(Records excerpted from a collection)
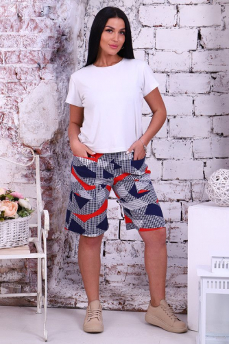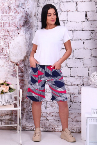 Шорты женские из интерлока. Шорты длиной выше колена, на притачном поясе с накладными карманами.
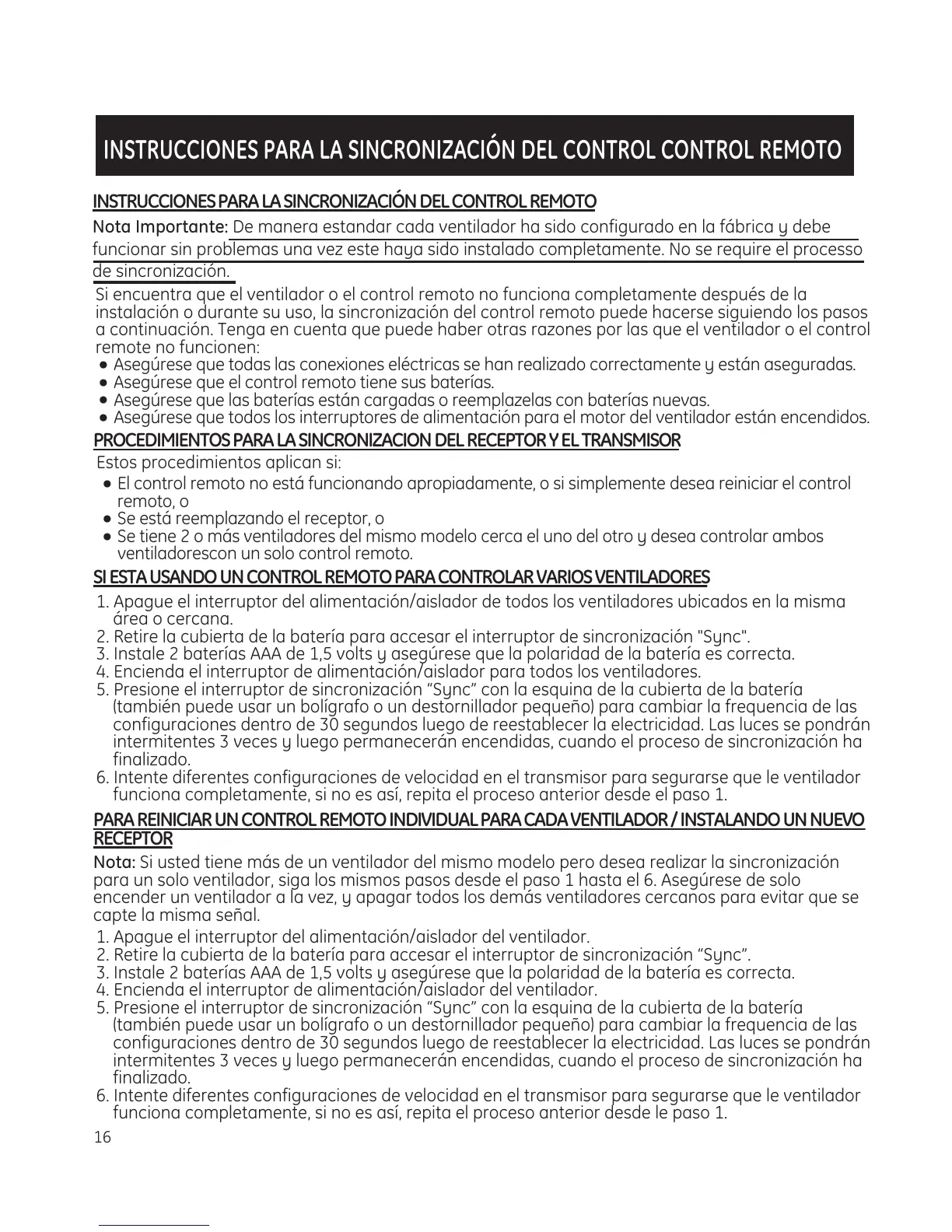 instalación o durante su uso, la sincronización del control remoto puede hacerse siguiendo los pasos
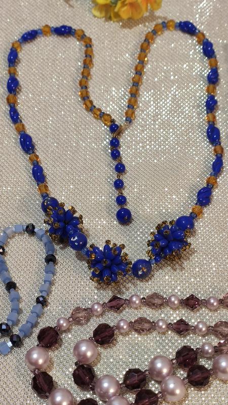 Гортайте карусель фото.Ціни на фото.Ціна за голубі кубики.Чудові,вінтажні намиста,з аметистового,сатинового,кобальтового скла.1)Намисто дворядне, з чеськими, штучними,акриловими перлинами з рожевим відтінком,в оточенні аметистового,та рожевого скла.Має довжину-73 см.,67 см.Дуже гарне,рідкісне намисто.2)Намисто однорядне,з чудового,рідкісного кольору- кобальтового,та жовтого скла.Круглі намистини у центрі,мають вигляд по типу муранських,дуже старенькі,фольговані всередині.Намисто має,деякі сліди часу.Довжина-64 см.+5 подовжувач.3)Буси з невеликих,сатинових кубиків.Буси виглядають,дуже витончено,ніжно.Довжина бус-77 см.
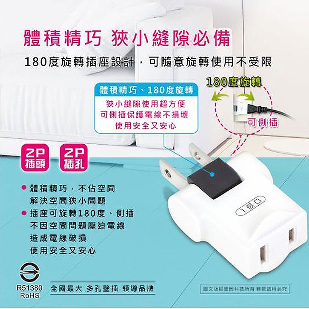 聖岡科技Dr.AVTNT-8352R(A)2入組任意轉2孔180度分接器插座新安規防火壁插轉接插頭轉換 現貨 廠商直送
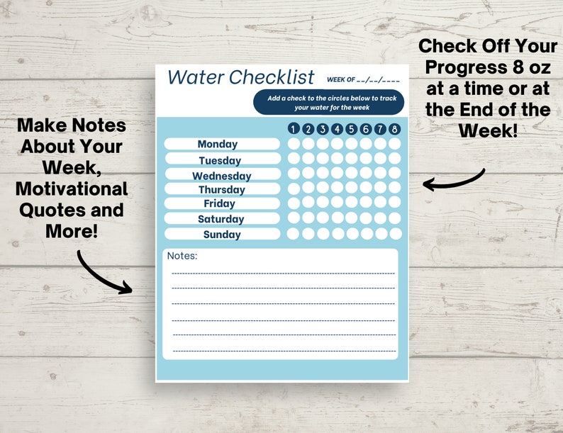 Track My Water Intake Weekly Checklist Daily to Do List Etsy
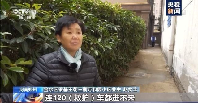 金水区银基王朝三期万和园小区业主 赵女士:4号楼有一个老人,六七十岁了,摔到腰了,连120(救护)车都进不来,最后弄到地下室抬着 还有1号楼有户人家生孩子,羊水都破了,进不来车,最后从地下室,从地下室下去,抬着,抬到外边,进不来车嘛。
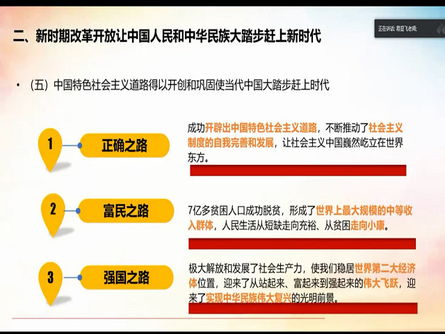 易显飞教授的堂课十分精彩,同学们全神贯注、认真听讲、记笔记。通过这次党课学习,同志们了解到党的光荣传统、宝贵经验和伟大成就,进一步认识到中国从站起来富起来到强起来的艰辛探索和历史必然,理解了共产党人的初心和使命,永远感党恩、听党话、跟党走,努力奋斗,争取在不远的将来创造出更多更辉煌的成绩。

> _WHAT THE TASK ASKS_: Give the records back verbatim, pictures excluded.

> _FINISHED EXERCISE_:
 Шорты женские из интерлока. Шорты длиной выше колена, на притачном поясе с накладными карманами.
 instalación o durante su uso, la sincronización del control remoto puede hacerse siguiendo los pasos
 Гортайте карусель фото.Ціни на фото.Ціна за голубі кубики.Чудові,вінтажні намиста,з аметистового,сатинового,кобальтового скла.1)Намисто дворядне, з чеськими, штучними,акриловими перлинами з рожевим відтінком,в оточенні аметистового,та рожевого скла.Має довжину-73 см.,67 см.Дуже гарне,рідкісне намисто.2)Намисто однорядне,з чудового,рідкісного кольору- кобальтового,та жовтого скла.Круглі намистини у центрі,мають вигляд по типу муранських,дуже старенькі,фольговані всередині.Намисто має,деякі сліди часу.Довжина-64 см.+5 подовжувач.3)Буси з невеликих,сатинових кубиків.Буси виглядають,дуже витончено,ніжно.Довжина бус-77 см.
 聖岡科技Dr.AVTNT-8352R(A)2入組任意轉2孔180度分接器插座新安規防火壁插轉接插頭轉換 現貨 廠商直送
 Track My Water Intake Weekly Checklist Daily to Do List Etsy
 金水区银基王朝三期万和园小区业主 赵女士:4号楼有一个老人,六七十岁了,摔到腰了,连120(救护)车都进不来,最后弄到地下室抬着 还有1号楼有户人家生孩子,羊水都破了,进不来车,最后从地下室,从地下室下去,抬着,抬到外边,进不来车嘛。
 易显飞教授的堂课十分精彩,同学们全神贯注、认真听讲、记笔记。通过这次党课学习,同志们了解到党的光荣传统、宝贵经验和伟大成就,进一步认识到中国从站起来富起来到强起来的艰辛探索和历史必然,理解了共产党人的初心和使命,永远感党恩、听党话、跟党走,努力奋斗,争取在不远的将来创造出更多更辉煌的成绩。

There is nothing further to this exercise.